Wes Anderson, you are locked in a prison of your own devise

It was dispiriting but unsurprising to read an interview with Robert Yeoman in which he talked about how a warehouse had to be used to shoot both The Grand Budapest Hotel and The French Dispatch because Wes Anderson’s camera movements had become so outre that real locations could no longer accommodate them. For years Paul Fennessy and I have had a flight of fancy which finds Wes and Jason Schwartzman or Roman Coppola or Owen Wilson seated at a diner in Austin; furiously scribbling dialogue and scene ideas in yellow legal pads, and beaming at each other happily, until a shadow crosses Wes’ face, and he asks in horror and disappointment, “But wait, can we do that as a tracking shot or a series of whip-pans?” Because if not, well, there’s no place for it in the cathedral of conventions that Wes Anderson has imprisoned himself within. Now it seems the reality of physical space itself has to be shot down in order to shoot the Wes Anderson way. I think this may be why since The Darjeeling Limited I have responded more positively to his animations (Fantastic Mr Fox, Isle of Dogs) than to his live-action efforts (Moonrise Kingdom, The Grand Budapest Hotel, The French Dispatch). The necessity for artificiality to achieve the necessary artificial camera moves grates less when all concerned are made of felt. In his own demented way you could say the presence of live human beings not to mention the built human environment is now getting in the way of the Wes Anderson aesthetic.

September 30, 2021

Top 5 Bond Girls

The pandemic is seemingly going to be book-ended by No Time to Die‘s attempted release and its actual release. Astonishing then that in 18 months Cary Fukunaga never thought to edit down his bloated 163 minute movie, which is nearly a full hour longer than Quantum of Solace. Let us take a more abbreviated run thru the Bond greatest hits.

5) Wei Lin

Michelle Yeoh’s turn as a Chinese super-spy in Tomorrow Never Dies feels underwritten, a complaint you could throw at almost anything during the Brosnan years. And yet, Yeoh’s combat skills and delightful insouciance, alongside her character’s almost incidental contacts with Bond as she pursues her own parallel adventure, elevate her to a more convincing version of Anya Amasova aka xXx in The Spy Who Loved Me as truly being Bond’s opposite number.

4) Mayday

Roald Dahl said he’d been briefed for screenwriting You Only Live Twice on having a good girl that died, a bad girl that died, and a good girl that lived. Grace Jones got to play a twist on that as physically imposing Mayday in A View to a Kill.

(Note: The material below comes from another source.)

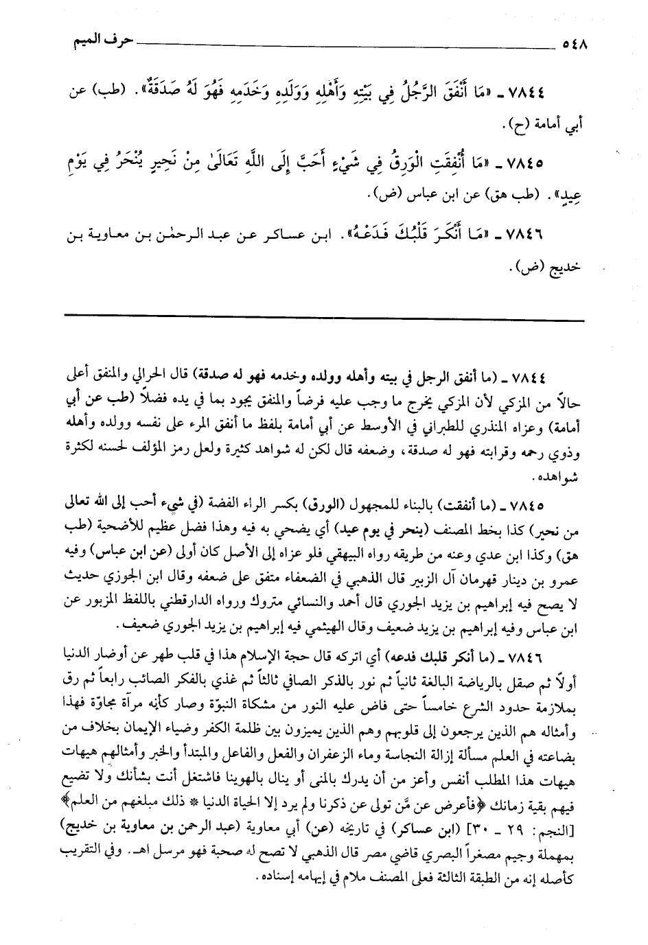 7844 - (ما أنفق الرجل في بيته وأهله وولده وخدمه فهو له صدقة) قال الحرالي : والمنفق أعلى حالا من المزكي لأن المزكي يخرج ما وجب عليه فرضا والمنفق يجود بما في يده فضلا.

Betrayed by Zorin, for whom she has caused much mayhem with glee, she sacrifices herself for the greater good, with a wordless exit glare.

3) Domino Derval

Claudine Auger’s Domino is very stylish in her bespoke black and white outfits, but is more than just a very pretty face. She mordantly undercuts Bond’s first attempts at seductive patter, and has her own personal reasons for falling in with his plans against her lover Largo, a character arc climaxing in some truly monumental brass from John Barry’s score when she saves Bond with the lethal use of a harpoon gun.

2) Pussy Galore

Three knockout English blondes play the Dahlian triptych of Bond girls in Goldfinger, and Honor Blackman is the one with the most substantial role, and the most absurd name. Blackman’s considerable swagger and judo skills would have been no surprise to anyone who’d seen her as Cathy Gale in The Avengers. In a film that drips great lines, she has an almost Bogart/Bacall spikiness with Connery, trading barbs while dressed elegantly.

1) Vesper Lynd

Eva Green’s woman from the Treasury set a high watermark for Bond girls that the Craig era has never managed to reach again despite its sincerest efforts. Their first meeting on the train to Montenegro is delicious. Over dinner the pair verbally dissect each other’s characters based on their first impressions of each other. Bond is cruel but Vesper hurts him back with interest, and it is this which makes Bond interested.

* It may seem odd for a fan of The Avengers not to have included Diana Rigg’s turn as Bond’s wife in On Her Majesty’s Secret Service, but her wit and athleticism as Emma Peel were so clinically stripped from Tracy Draco that I can only watch it with deep disappointment.

October 31, 2020

RIP Sean Connery

Sean Connery is dead at  age 90, and the world is without its first Bond, James Bond.

Sick Boy lacks moral fibre—Renton
Aye, but he knows a lot about Sean Connery—Mother Superior

Trainspotting (1996)

1962. Connery takes the lead in an underfinanced spy film where the director seems more interested in the wardrobe his star will wear than the performance he will give. Connery brought two sides to James Bond. He was a vicious bastard, true to Fleming’s character, but a faithful adaptation would have resulted in a flop notable only for the unpleasantness of its lead. Connery also brought a roguish charm to the role that was all his own invention. This is what made him a star and allowed Bond to get away with callous cruelty. Terence Young tried to emphasise the spy elements and the realism in the sequel From Russia, With Love. Connery was superbly paired against Robert Shaw and their extremely realistic fight was one of the most vicious then seen and still one of the longest sustained punch-ups in cinema. Guy (The Colditz Story) Hamilton directed Goldfinger as a stylish thriller not a Bond Film. A sensation for its characters, lines and casually brilliant plot twists it trapped Connery. He made the hit romance Woman of Straw, the psychodrama Marnie for Hitchcock and gruelling war drama The Hill for Sidney Lumet to showcase his serious acting abilities and desperately squeezed in A Fine Madness between Thunderball and You Only Live Twice. But the shadow of James Bond was enduring…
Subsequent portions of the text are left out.